Economics in central banking: Leo Krippner

For his work in tracking the effects of unconventional policies


Close to a decade on, economists are still working to readjust their intellectual frameworks in the wake of the global financial crisis. Central Banking's award for economics has already recognised some of those seeking to redesign the old frameworks, while this year the award goes to an economist who has sought to improve our understanding of 'unconventional' monetary policy – an area that has become more conventional by the day, demanding analysis to match.

Leo Krippner, a senior adviser in the economics department at the Reserve Bank of New Zealand (RBNZ), has led the debate on how central bank economists should think about unconventional policy, through his work on term structure modelling. His ideas aim to quantify the effects of monetary policy below the zero lower bound – and in so doing recognise that policy in the 'new normal' is driven not only by short rates but also by the shape of the entire yield curve – with expectations on how it will evolve.

"It was an idea I had when I was doing my thesis on term structure modelling," Krippner says. "I thought at the time that using bond options to allow for the lower bound, essentially options to hold currency, would be a straightforward way of ensuring that yields are not allowed to evolve through the lower bound."

By pricing the option on holding physical currency, which yields no interest, Krippner was able to produce a hypothetical 'shadow short rate' that would hold if physical currency were not available. The shadow rate gives a simple indication of the stance of policy, even when short rates have hit the lower bound and central banks have turned to unconventional measures.

Krippner finished the thesis in 2008. In 2011, he found himself working on a yield curve model for the US and realised standard models would not make sense with rates at the zero lower bound. He mentioned his ideas on the shadow rate to his manager, who said: "Well, you better get on that quickly, because rates might not remain at the lower bound for much longer!"

Of course, in the intervening five years, many more economies have hit the lower bound. Krippner has since developed his ideas in a series of papers and a book published in 2015 by Palgrave Macmillan. The RBNZ now publishes his estimates of the US shadow short rate on its website, alongside the MatLab code for his calculations.


Krippner has also developed the shadow short rate into a metric he calls "effective monetary stimulus" (EMS). This measures the area between the expected path of the shadow rate (the policy rate if above zero) and the estimated neutral rate, giving a forward-looking view of the strength of monetary stimulus.

EMS is "more meaningful as a number that people in the economy react to", as people do not actually transact at the shadow short rate, he says. It is also less affected by questions of model specification and can be calculated without the need to estimate a model at all.

Krippner says many central banks are already using his tools for policy analysis, adding that the central bankers with whom he has spoken have tended to be the most interested in EMS. "For quantitative analysis, I think EMS is going to be something people are more comfortable with," he says, pointing to its robustness.

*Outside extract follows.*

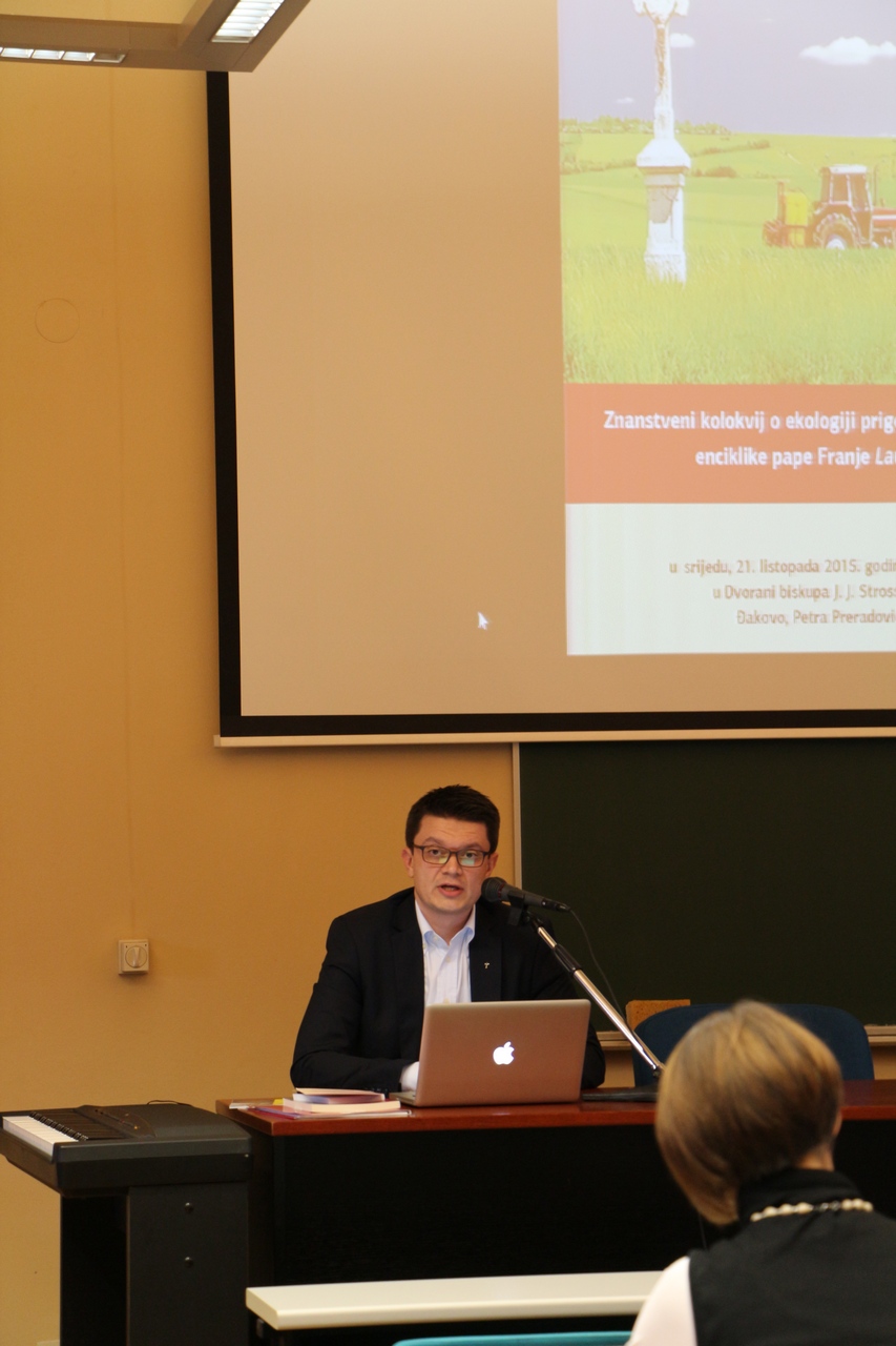 U srijedu, 21. listopada 2015. godine u Dvorani biskupa J. J. Strossmayera u Đakovu održan je znanstveni kolokvij o ekologiji prigodom objavljivanja enciklike pape Franje “Laudato si”. Prije izlaganja najavljenih predavača dekan Katoličkog Bogoslovnog Fakulteta u Đakovu izv. prof. dr. sc. Ivica Raguž uputio je pozdrav svima nazočnima. Istaknuto je da je ovaj znanstveni kolokvij prvi u nizu ove akademske godine, te prvi u Hrvatskoj koji je posvećen enciklici Laudato si. Ekologija je pojam koji je u monaškim zajednicama izrazito važan, a cilj ovog kolokvija je da se ta ideja proširi i na svakoga od nas.

Krippner's measures are now in the toolbox of most central banks since the global financial crisis and serve to directly inform policymakers
Sandra Eickmeier, Deutsche Bundesbank

Sandra Eickmeier, an economist at the Deutsche Bundesbank who has co-authored research with Krippner, says his ideas are becoming widely adopted. "Krippner's measures are now in the toolbox of most central banks since the global financial crisis and serve to directly inform policymakers," she says. "Moreover, papers using his measures and developing his measures further have been published in highly ranked academic journals."

Krippner's ideas are popular in Europe, and the Bundesbank published a paper he co-authored with Arne Halberstadt in December. His ideas have also been taken up on the other side of the Atlantic, with Federal Reserve Bank of St Louis president James Bullard highlighting the shadow rate as a useful rule of thumb in a speech in 2013.

Krippner says he was not the first to come up with his option-based method of dealing with the zero lower bound. Fischer Black's 1995 paper Interest rates as options presented a similar idea, but as later research by Jens Christensen and Glenn Rudebusch at the Federal Reserve points out, Black's method imposed an "extreme computational burden". Krippner's code is much more practical to run. The most challenging element of writing the code was ensuring the outputs matched the expressions from the standard term structure and bond option specifications, he says.

"Krippner's work was pivotal for a new literature branch that looks at yield curve-based metrics of the monetary policy stance at times when standard monetary policy is constrained by the lower bound," says an economist at the European Central Bank. "His work has been highly influential in the academic term structure literature, and it has been especially valuable for central bank departments that focus on modelling and analysing the term structure from a monetary policy perspective."

The research also opens up exciting possibilities for future work. One idea that Krippner would like to examine further is how term structure models interact with the macro-economy – how growth and inflation impact the term structure, and vice versa. He also notes that a particularly important area for small, open economies such as New Zealand is the exchange rate.

Economists have "been around the bush" lately, trying to figure out reasons for the failure of covered interest parity, Krippner says. He wonders if policymakers and market watchers may have been focusing too much on the short rate when the whole yield curve matters.